Exercise requirements | Output, exactly as written, the lines below from the one that has "It’s the second day" through the one that has "Vierta la mezcla"; nothing else, and no pictures.

Extracted data entries:
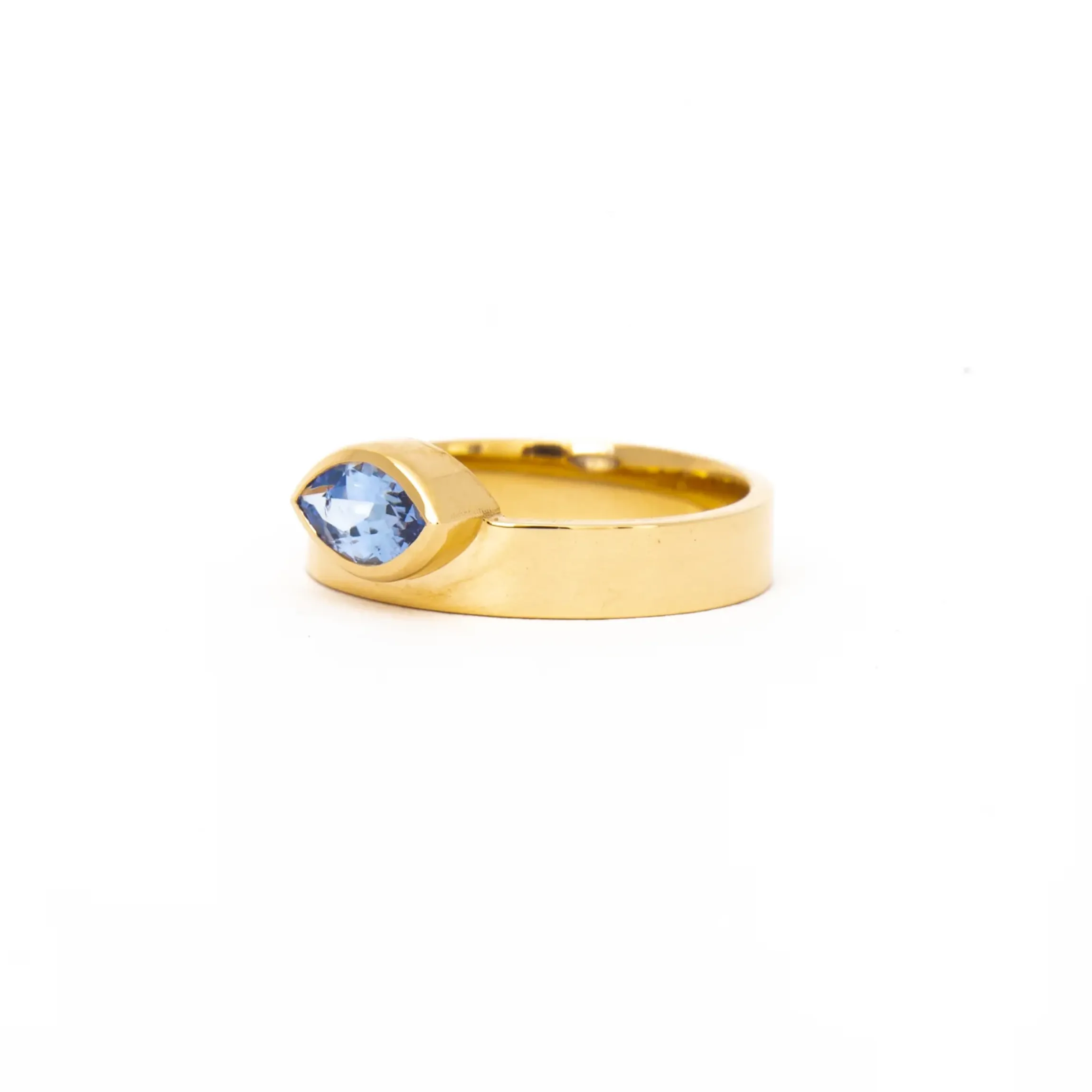14 karat gold set with a Sri Lankan marquise sapphire totaling 0.81 ct.
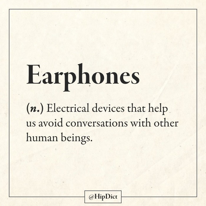 НАУШНИКИ — электронное устройство, помогающее нам избегать разговоров с другими людьми.
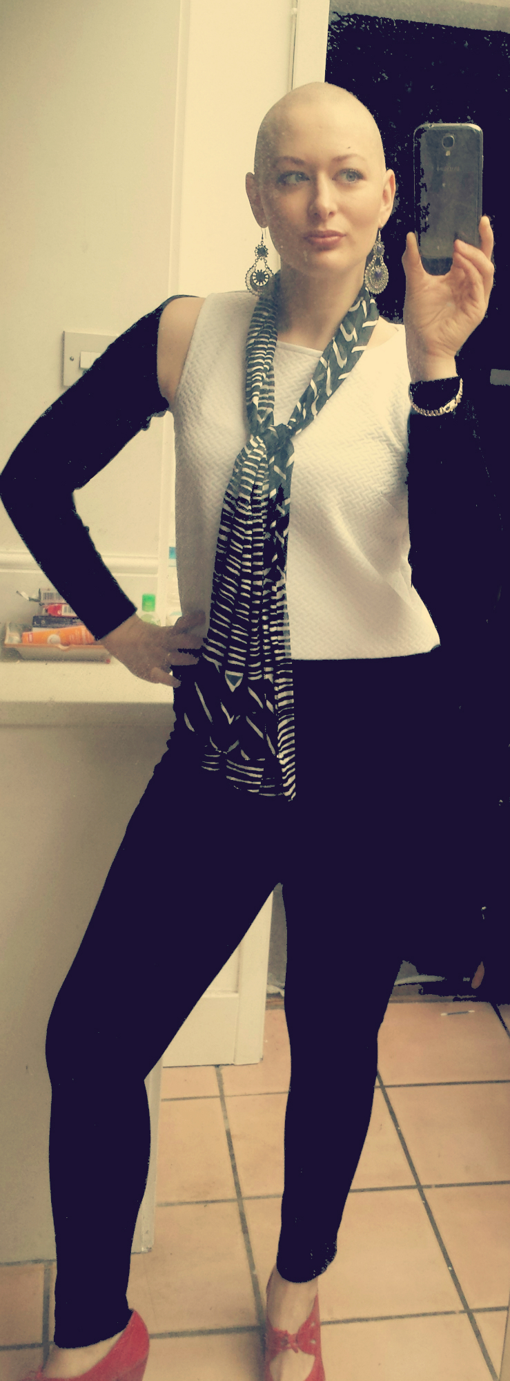 It’s the second day with my shaved head and I’m starting to have more fun with clothes. Every day has become a “Dress Your Head” day!
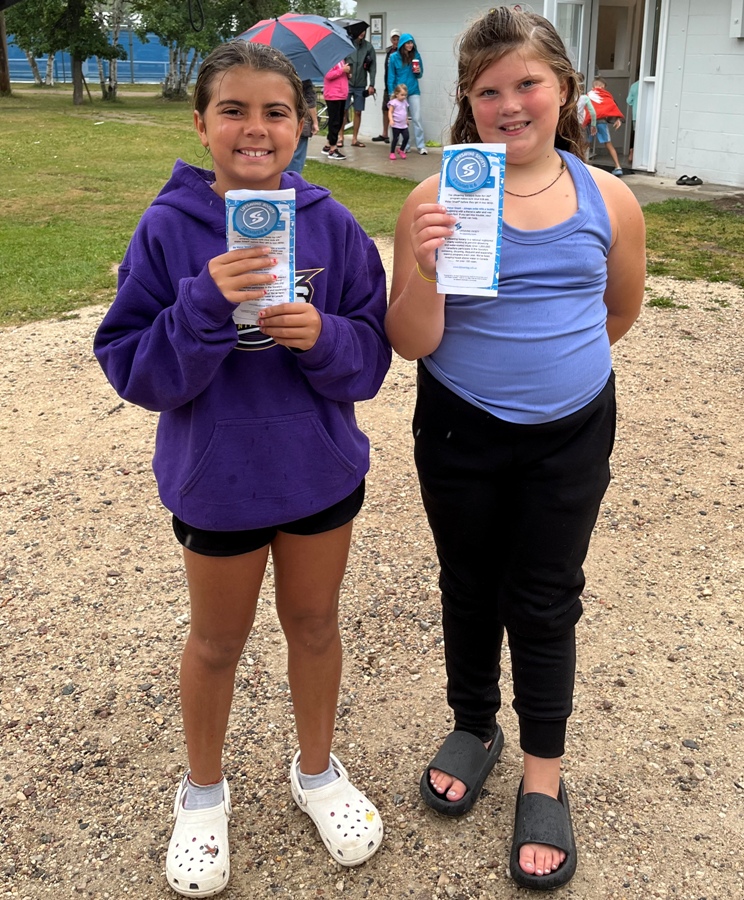 "Just me and one of my swimming lesson partners receiving our 'Swimmer 6' merit badges on August 8th."
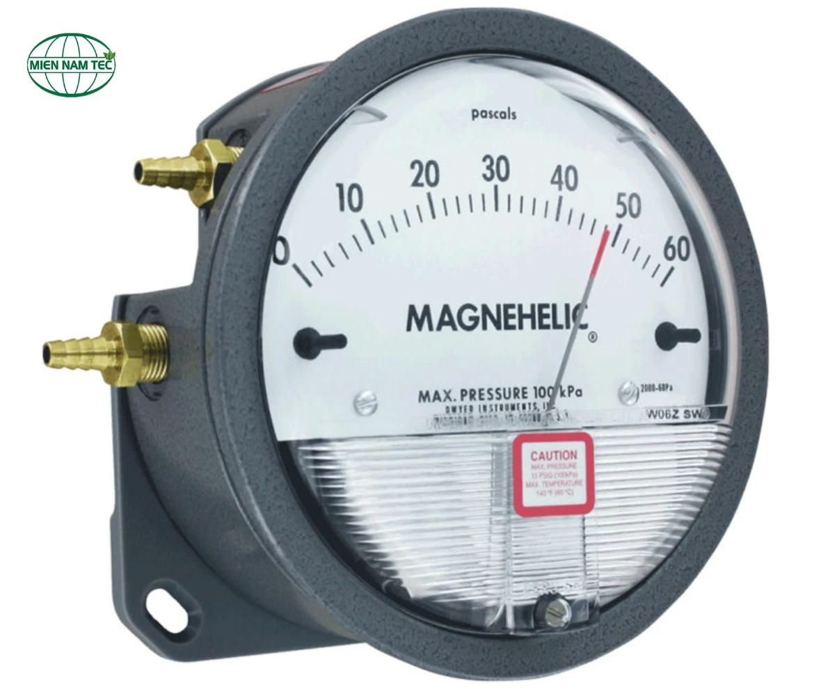 2000-750PA thuộc dòng Magnehelic Series 2000 của Dwyer Instruments (Mỹ), là đồng hồ đo áp suất chênh lệch cơ học nổi tiếng trên thế giới. Thiết bị này đo chính xác áp suất thấp trong không khí và khí không ăn mòn, không cần nguồn điện và hiển thị rõ ràng trên mặt đồng hồ 4 inch. Qua đó sản phẩm giúp phát hiện sớm tình trạng tắc nghẽn bộ lọc, tối ưu hiệu suất hệ thống và giảm chi phí bảo trì.
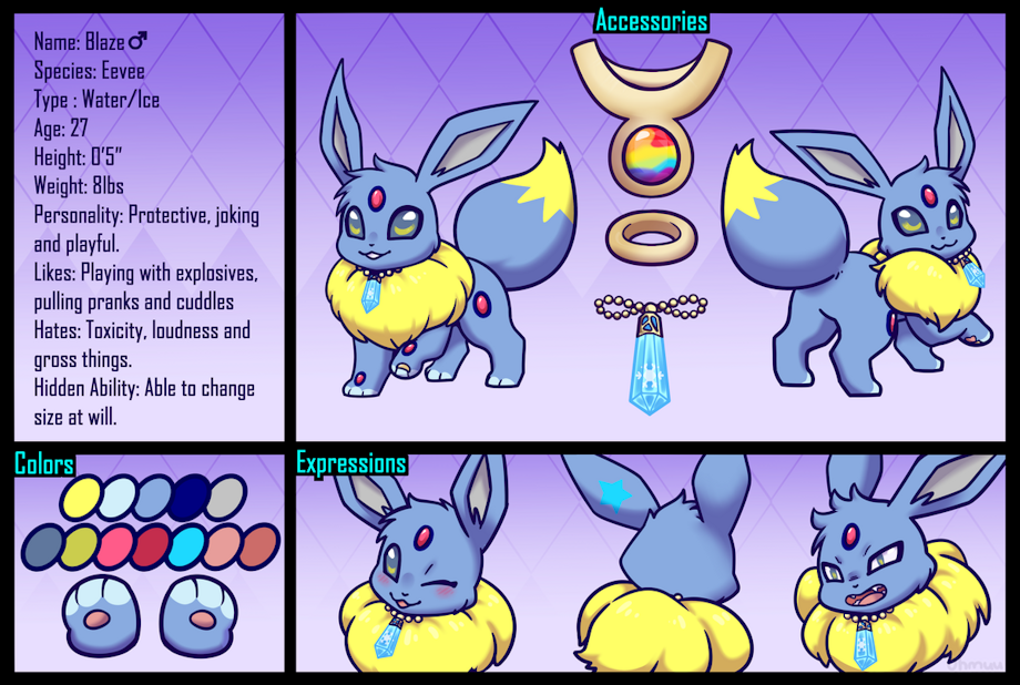 This here is my main persona, BlazeVee and as you can see I am a blue Eevee covered in red gems with a blue star on the back of my left ear.
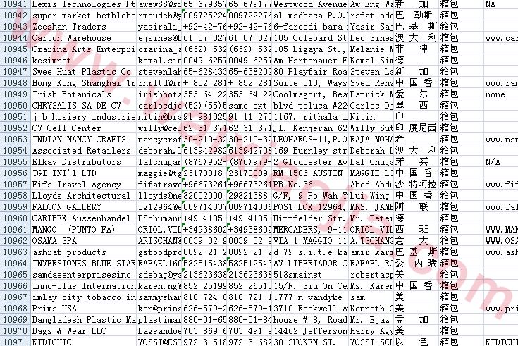 箱包皮具采購商名單數(shù)據(jù)為Excel格式,信息可任意修改、復(fù)制、打印、導(dǎo)出及導(dǎo)入到傳真、郵件群發(fā)等軟件中,無任何限制。
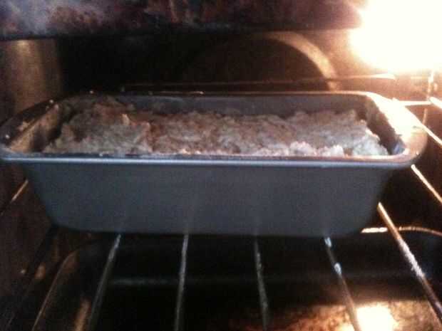 Vierta la mezcla chapucera en la bandeja de pan y cocer en el horno precalentado (180' C) durante 30-35 minutos.
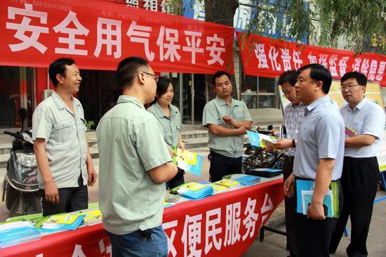 焦作公司訊 2014年6月16日,修武中裕燃?xì)獍l(fā)展有限公司組織員工走上街頭,針對(duì)安全用氣知識(shí)對(duì)廣大居民提供宣傳咨詢服務(wù)。通過設(shè)立宣傳點(diǎn)、懸掛橫幅、擺放展板,向過往群眾發(fā)放宣傳資料,接受用戶用氣安全咨詢等方式加強(qiáng)燃?xì)獍踩麄?。期間,修武縣吳利年副縣長來到宣傳點(diǎn)針對(duì)如何安全用氣進(jìn)行了詳細(xì)的咨詢和提問,對(duì)工作人員的回答予以了高度評(píng)價(jià),同時(shí)提出了盡快推行居民灶具管道硬連接以杜絕安全隱患等要求?;顒?dòng)為廣大市民進(jìn)一步了解了如何安全使用燃?xì)饧叭細(xì)庑孤逗笕绾翁幹玫劝踩WR(shí)、提高燃?xì)馐褂冒踩庾R(shí)和操作技能提供了幫助。
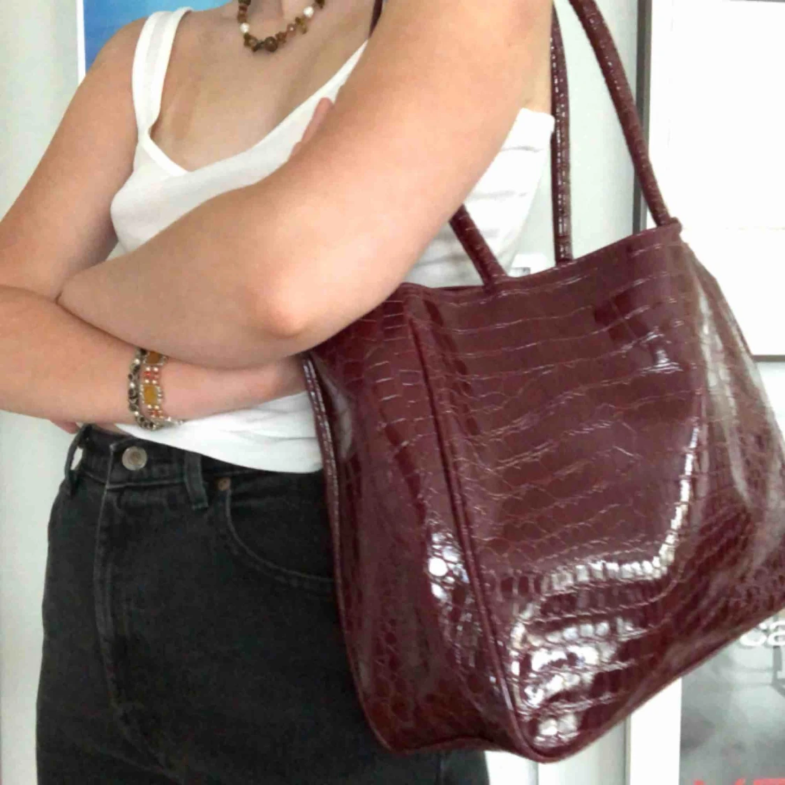 feett fin vinröd lackväska!! inte äkta skinn, men så fin ormskinnsimitation. 🍋FRAKT INGÅR🍋
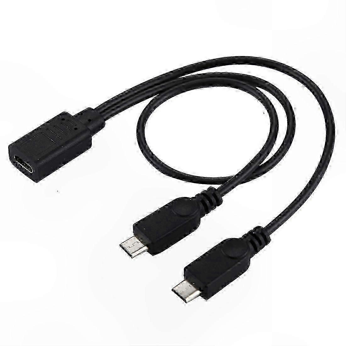 Dual Micro USB Male to USB-C Female Y Splitter Cable, Approx. 30cm Length
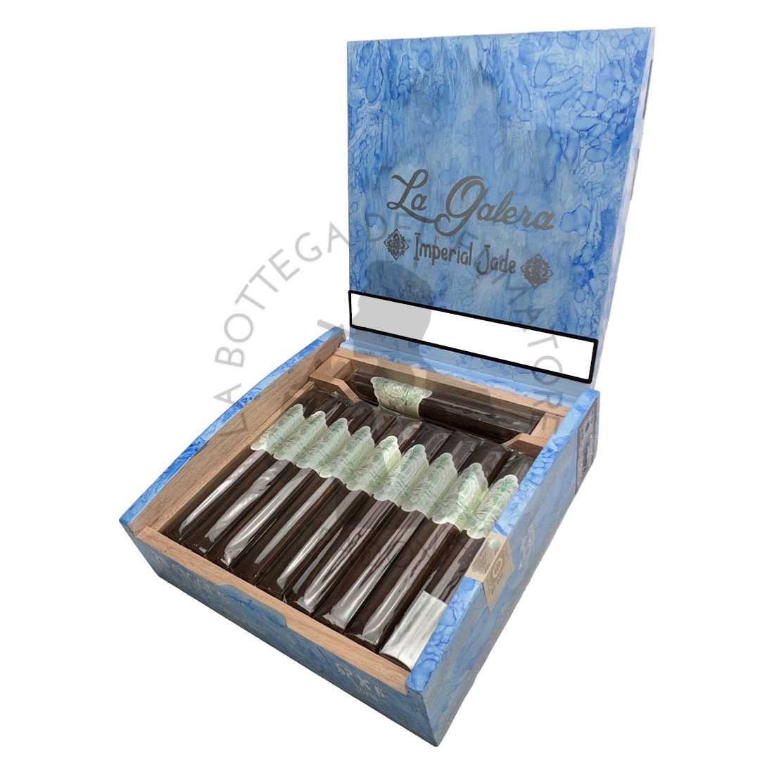 La Galera Imperial Jade Toro (152mm × 52″) è probabilmente il più bilanciato dell’intera linea Imperial Jade, offrendo un perfetto equilibrio tra durata, evoluzione aromatica e pienezza di corpo. Realizzato con un Cameroon wrapper africano di qualità eccellente, un binder Criollo dominicano e un filler composto da Piloto Cubano e Criollo ’98, il Toro viene confezionato in scatole da 20 sigari. È pensato per chi desidera una fumata più lunga e progressiva, con una costruzione impeccabile e un ritmo regolare. È il formato ideale per cogliere tutta la complessità e la dolcezza speziata che definisce questa linea firmata La Galera.
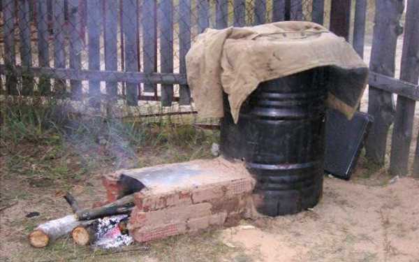 на другом конце траншеи устанавливается старая металлическая или деревянная бочка без дна;
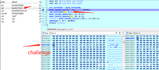 此函数有三个参数:其中一个指向的内容为实际用到的16字节challenge:

Answer space |
 It’s the second day with my shaved head and I’m starting to have more fun with clothes. Every day has become a “Dress Your Head” day!
 "Just me and one of my swimming lesson partners receiving our 'Swimmer 6' merit badges on August 8th."
 2000-750PA thuộc dòng Magnehelic Series 2000 của Dwyer Instruments (Mỹ), là đồng hồ đo áp suất chênh lệch cơ học nổi tiếng trên thế giới. Thiết bị này đo chính xác áp suất thấp trong không khí và khí không ăn mòn, không cần nguồn điện và hiển thị rõ ràng trên mặt đồng hồ 4 inch. Qua đó sản phẩm giúp phát hiện sớm tình trạng tắc nghẽn bộ lọc, tối ưu hiệu suất hệ thống và giảm chi phí bảo trì.
 This here is my main persona, BlazeVee and as you can see I am a blue Eevee covered in red gems with a blue star on the back of my left ear.
 箱包皮具采購商名單數(shù)據(jù)為Excel格式,信息可任意修改、復(fù)制、打印、導(dǎo)出及導(dǎo)入到傳真、郵件群發(fā)等軟件中,無任何限制。
 Vierta la mezcla chapucera en la bandeja de pan y cocer en el horno precalentado (180' C) durante 30-35 minutos.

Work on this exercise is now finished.